Saturday, May 16, 2009

Shell to shut tap on budget fuel

Shell to shut tap on budget fuel
Sun, May 17, 2009
The Straits Times

By Christopher Tan, Senior Correspondent

WEEKS after cutting back on the number of stations dispensing 92-octane petrol, Shell announced that it is turning off the supply of its budget grade fuel altogether.

Shell, Singapore's largest fuel retailer, said yesterday it decided to do so because of consistently low demand, claiming 92-octane sales made up only about 5 per cent of sales at its network of 65 stations.

It said even when pump prices hit record levels in mid-2008, its 92-octane sales inched up to only 6 per cent.

The decision has already riled some drivers.

Sales trainer William Lyou, 60, who uses 92-octane for his Mercedes 230E, said: "Simple. If they don't want my business, I'll just switch brands."

Retirees Leslie Ho and Chan Kum Yong echoed the sentiment.

Mr Ho, 66, who drives a Honda Civic, said: "Shell couldn't care less about people like us who are economy-minded. We'll just go to other stations."

Mr Chan, 76, added: "It doesn't concern me because I don't use Shell. My Toyota Vios requires only 90 or 91."

Omitting the grade from Shell's pumps has also prompted the Consumers Association of Singapore (Case) to voice its concern.

Its executive director Seah Seng Choon said: "We are concerned that the cartelistic market may result in 92-octane petrol being totally wiped out of the market in the long run, leaving consumers with less choices."

But Shell retail general manager Henry Chu defended the move by citing a study by international automotive engineering institute SAE.

The study, published in 2006, noted that using a higher octane fuel can improve fuel economy by up to 4.3 per cent.

The study, Shell said, compared 95, 93 and 91-octane fuels, and was done largely with European vehicles.

Shell's fuel technology manager (Asia Pacific) Eric Holthusen added that drivers can expect a 2 per cent improvement in economy if they switch from 92 to 95 - if the car owner's manual recommends 95 in the first place.
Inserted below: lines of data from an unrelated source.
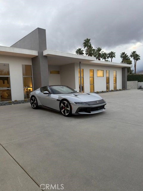 Set on a private 1-acre estate with south facing panoramic mountain views, new custom built 6,752 square foot residence blends luxury and mid-century with today’s most advanced technology and finishes. Enclosed behind 6-foot block walls and a wired security system, this property offers unmatched privacy. Entering through a 7ft wide 12ft tall custom pivot glass door, the great room opens to the outdoors with 40’ x 12’ automated pocketing glass walls, creating a seamless flow between living, dining, and entertaining. The chef’s kitchen is anchored by a 6.5 x 13 foot waterfall quartz island with seating for eight, dual dishwashers, commercial-grade Viking appliances, a custom vent hood, built-in espresso machine, and beverage station. Custom rift-sawn white oak cabinetry, imported Italian porcelain tile, and custom wide plank white oak engineered flooring elevate every detail. The main residence features 6,072 square feet, 5 bedrooms, 5 bathrooms, a formal powder room, temperature controlled wine cellar, including a primary suite with a private fireplace, floating dual vanities, Toto Neorest bidet, wet bar with wine fridge and its own climate zone and water heating system for ultimate comfort. A flexible bonus room offers endless possibilities—gym, office, or theater. The family room is designed for effortless entertaining, featuring a wet bar with dual refrigerators. The space has integrated surround sound. Extending the experience outdoors, the property is equipped with a whole-estate speaker system, including hidden speakers throughout the landscaping for seamless indoor-outdoor living. The spacious laundry room leads to the 4 car temperature controlled garage with epoxy flooring. Outdoors, a 500 sq. ft. entertainer’s cabana rivals any luxury resort with a full Viking kitchen, 36” barbecue with rotisserie, refrigerator, dishwasher, fireplace, TV, misting system, and full bath with outdoor shower. Entertain at the sparkling 60 foot pool with fountains, an app-controlled fire pit, and outdoor lounge areas complete the space. For guests, a detached 680 square foot casita provides a private oasis with a living area, bedroom, full bathroom, two high powered Mitsubishi AC units, kitchenette, and laundry. Every system in the home is designed for luxury: 5 Wi-Fi controlled HVAC zones, commercial-grade insulation, variable-zone cooling, tankless water heaters, concealed owned solar, custom lighting, surround sound, and whole-property misting and music systems.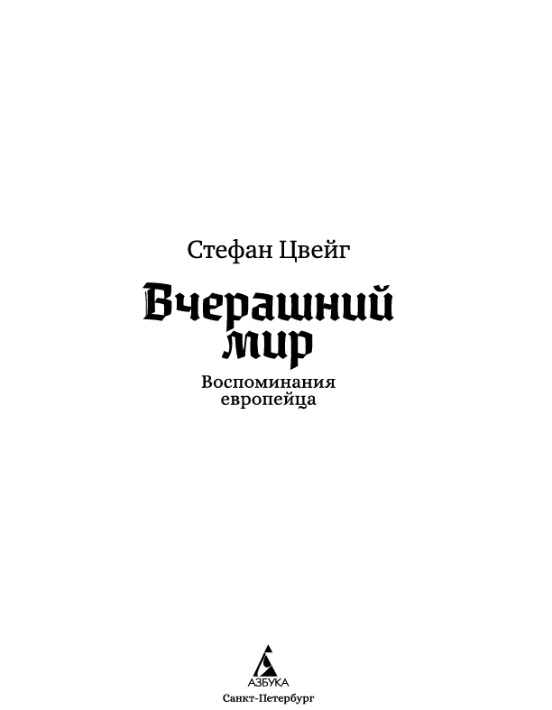 Вчерашний мир : Воспоминания европейца / Стефан Цвейг ; пер. с нем. Г. Кагана. — СПб. : Азбука, Азбука-Аттикус, 2025.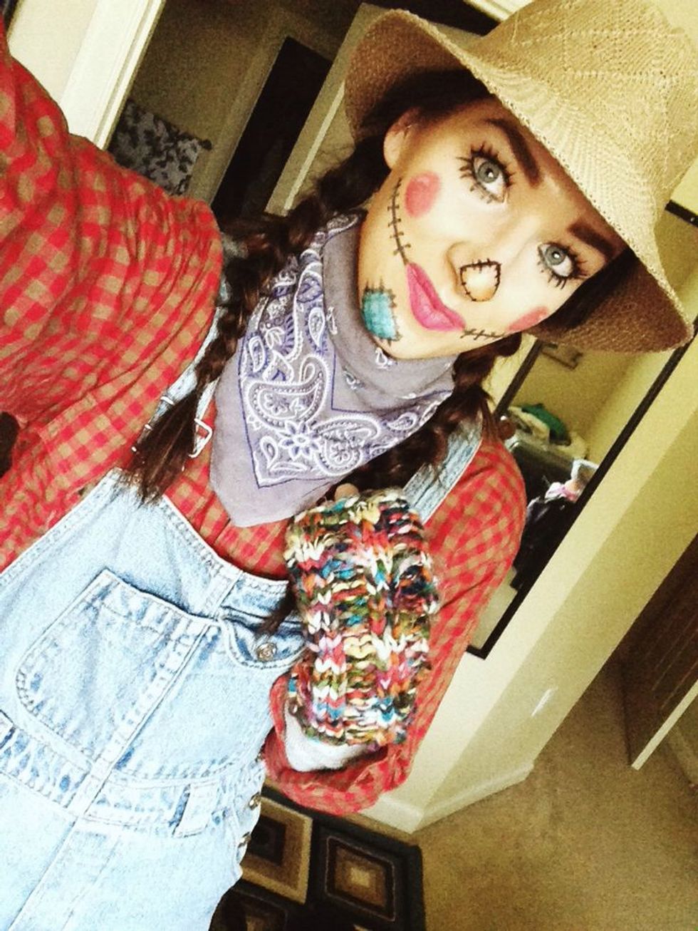 A Halloween classic. All you need for this costume is a pair of overalls, some plaid, a hat, a bandana and eye makeup to create the patch-work look. Since this costume is pretty gender-neutral and generic, anyone would look great wearing it!!

"Two per cent is the average," he said.

"We can't guarantee every car gets it. It varies from car to car, and it depends on the technology of the car."

In Singapore, 92-octane is priced at $1.597 a litre before discount - 1.8 per cent cheaper than 95, the next grade.

The gap was wider before.

In 2001 and earlier, it was around 2.6 per cent.

Shell started reducing the number of nozzles dispensing 92 about seven years ago.

It then stopped offering the grade at some stations.

Five weeks ago, only 26 of its outlets had 92 on tap.

It is down to 19

By end-June, it will be withdrawn completely.

Elaborating on the move, Mr Chu said the tank storage space previously used for 92 will now be devoted to other more saleable grades.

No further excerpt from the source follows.